The probabilty of Group 30 (Control) having a higher 
 retention than Group 40 (Treatment) is:  96.3 %


### 7-day retention by A/B group
+ The bootstrap analysis tells us that there is a high probability that 1-day retention is better when the time gate is at level 30. However, since players have only been playing the game for one day, likely, most players haven’t reached level 30 yet. That is, many players won’t have been affected by the gate, even if it’s as early as level 30.
<br>
+ But after having played for a week, more players should have reached level 40, and therefore it makes sense to also look at 7-day retention. That is: What percentage of the people that installed the game also showed up a week later to play the game again?
<br>
+ So I calculating 7-day retention for the two AB groups.

In [67]:
# Calculating 7-day retention for both AB-groups
ret30_7d = len(players_g30[players_g30['retention_7'] == True])/len(players_g30['retention_7']) * 100
ret40_7d = len(players_g40[players_g40['retention_7'] == True])/len(players_g40['retention_7']) * 100

print('Group 30 at 7 day retention: ',str(round(ret30_7d,2)),"%","\n",
     'Group 40 at 7 day retention: ',str(round(ret40_7d,2)),"%")


Group 30 at 7 day retention:  19.02 % 
 Group 40 at 7 day retention:  18.2 %


Like with 1-day retention, we see that 7-day retention is barely lower (18.20%) when the gate is at level 40 than when the time gate is at level 30 (19.02%). This difference is also larger than for 1-day retention.
<br><br>
We also see that the overall 7-day retention is lower than the overall 1-day retention; fewer people play a game a week than a day after installing.
<br><br>
But as before, let’s use bootstrap analysis to figure out how sure we can be of the difference between the AB-groups.

In [70]:
# Creating a list with bootstrapped means for each AB-group

# Bootstrapping for control group
btg30_7d = draw_bs_reps(players_g30['retention_7'], retention, iterations=500)

# Bootstrapping for treatment group
btg40_7d = draw_bs_reps(players_g40['retention_7'], retention, iterations=500)

boot_7d = pd.DataFrame(data={'gate_30': btg30_7d, 'gate_40': btg40_7d}, index=range(500))

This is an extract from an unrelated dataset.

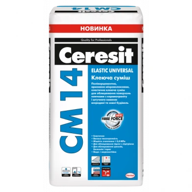 CERESIT® CM 14 — сухая смесь для облицовки бетонных, кирпичных, цементно-песчаных, цементно-известковых и т.п. минерал. горизонт. и вертикал. поверхностей разными плитками, в т.к. ч. из искусственного камня (размер ≤ 60×60 см, водопоглощение > 0%) внутри и снаружи зданий.
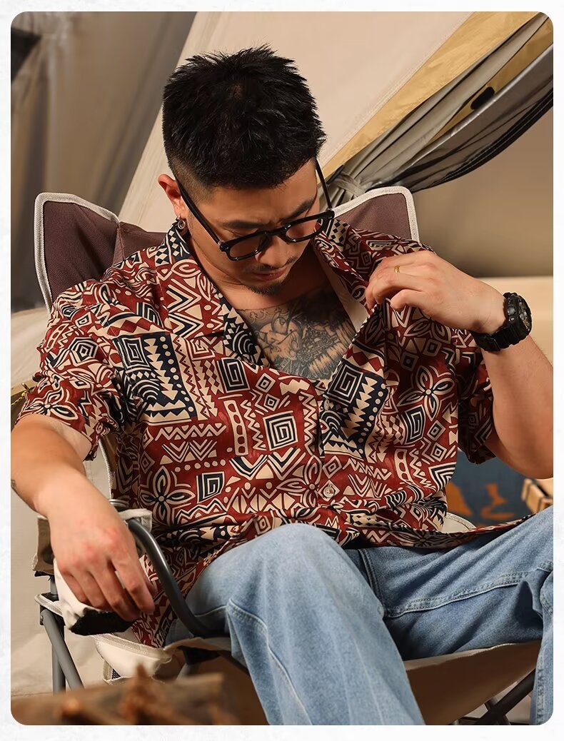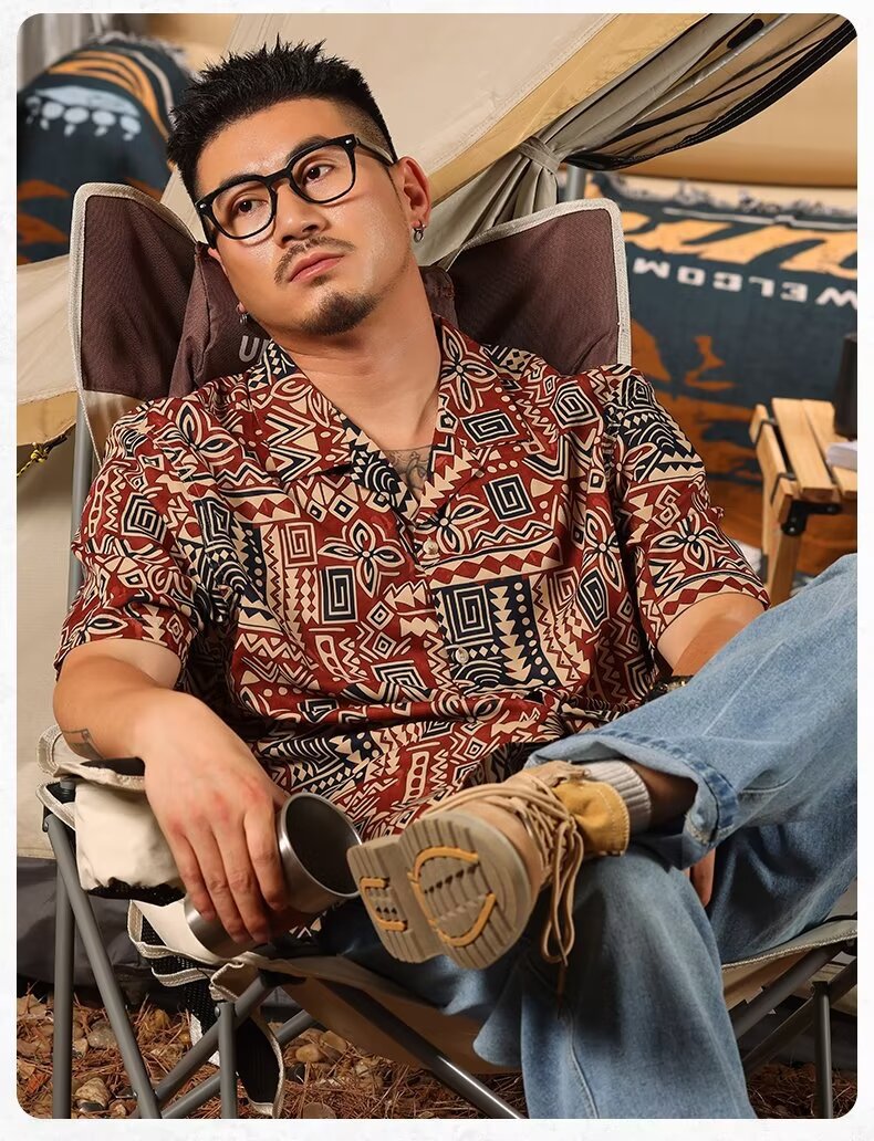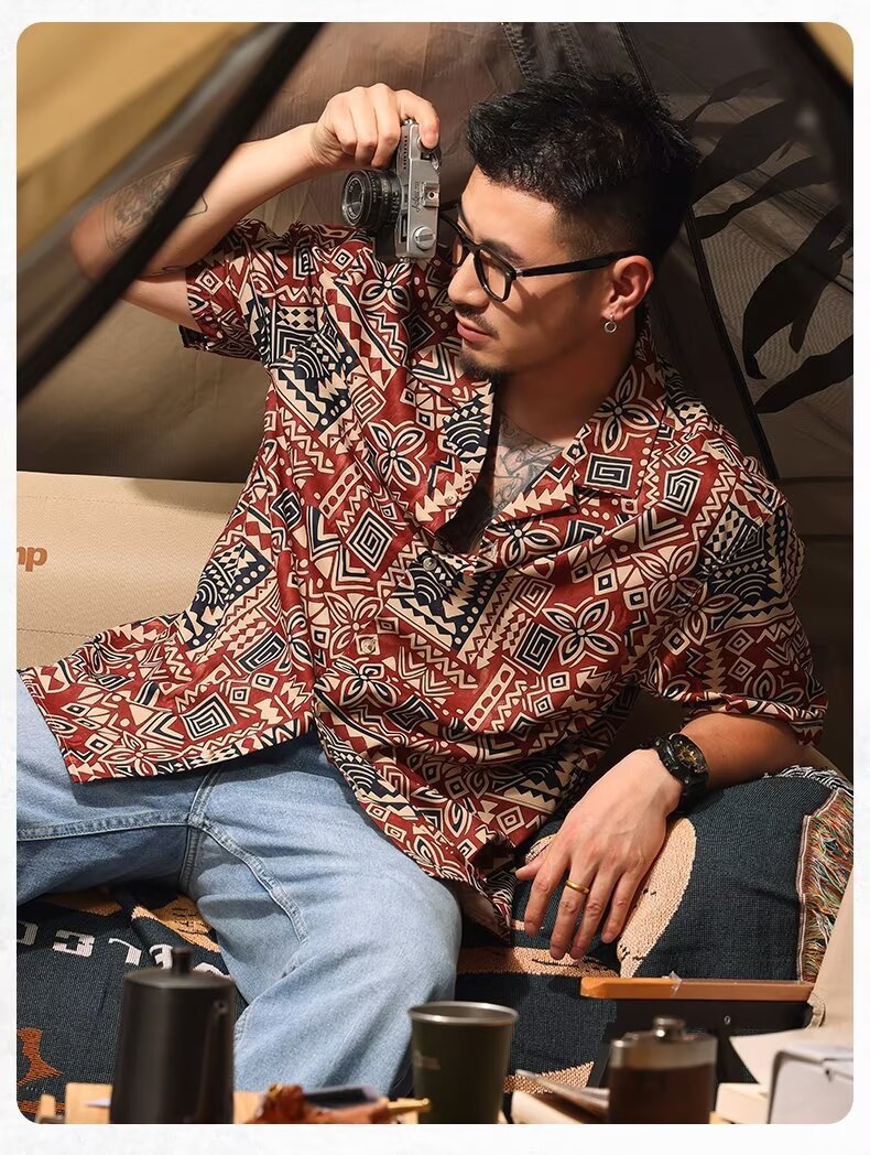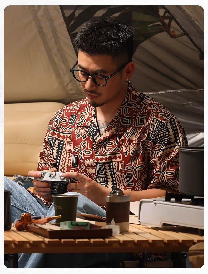 일본 ins 홍콩 스타일 여름 반팔 꽃무늬 셔츠 남성과 여성 복고풍 잘 생긴 하와이 해변 커플 루즈 셔츠

# Adding a column with the % difference between the two AB-groups
boot_7d['diff'] = (boot_7d['gate_30'] - boot_7d['gate_40']) / boot_7d['gate_30'] * 100

# Ploting the bootstrap % difference
hist_7d_diff = [boot_7d['diff']]
dist_7d_diff = ff.create_distplot(
    hist_7d_diff,
    show_rug=False,
    colors=['#FF5733'],
    group_labels=["Gate 30 - Gate 40"],
    show_hist=False
)
dist_7d_diff.add_vline(x=np.mean(boot_7d['diff']), line_width=3, line_dash="dash", line_color="black")

# Chỉnh layout trực tiếp
dist_7d_diff.update_layout(
    xaxis_range=[-4, 12],
    title='Percentage of "7 day retention" difference between A/B Groups',
    xaxis_title="% Difference",
    height=720,
    width=1000,
    font=dict(size=15)
)

# Thêm annotation nếu muốn
dist_7d_diff.add_annotation(
    text="Retention Difference Distribution",
    xref="paper", yref="paper",
    x=0.5, y=1.08, showarrow=False,
    font=dict(size=16)
)

dist_7d_diff.show()

# Calculating the probability that 7-day retention is greater when the gate is at level 30
prob = (boot_7d['diff'] > 0).sum() / len(boot_7d)

# Pretty printing the probability
print('The probabilty of Group 30 (Control) having a higher \n retention than Group 40 (Treatment) is:) ', prob*100, '%')

The probabilty of Group 30 (Control) having a higher 
 retention than Group 40 (Treatment) is:)  100.0 %


I reject Ho (reject the null hypothesis of no difference) and accept H1 (there is a difference, gate 30 retains players better than gate 40).

### Conclusion 
**So, why is retention higher when the gate is set earlier?**
+ Normally, we would predict the opposite: the later the hurdle, the longer individuals stay involved in the game. However, the evidence does not support this; instead, we explained it using the hedonic adaptation theory.

**What to do, as a stakeholders?**
+ We now have enough statistical information to infer that 7-day retention is higher when the gate is at level 30 than when it is at level 40, just as we found for 1-day retention.  
+ If we want to keep consumer retention high, we should not move the gate from level 30 to level 40, it means we keep our Control method in the current gate system.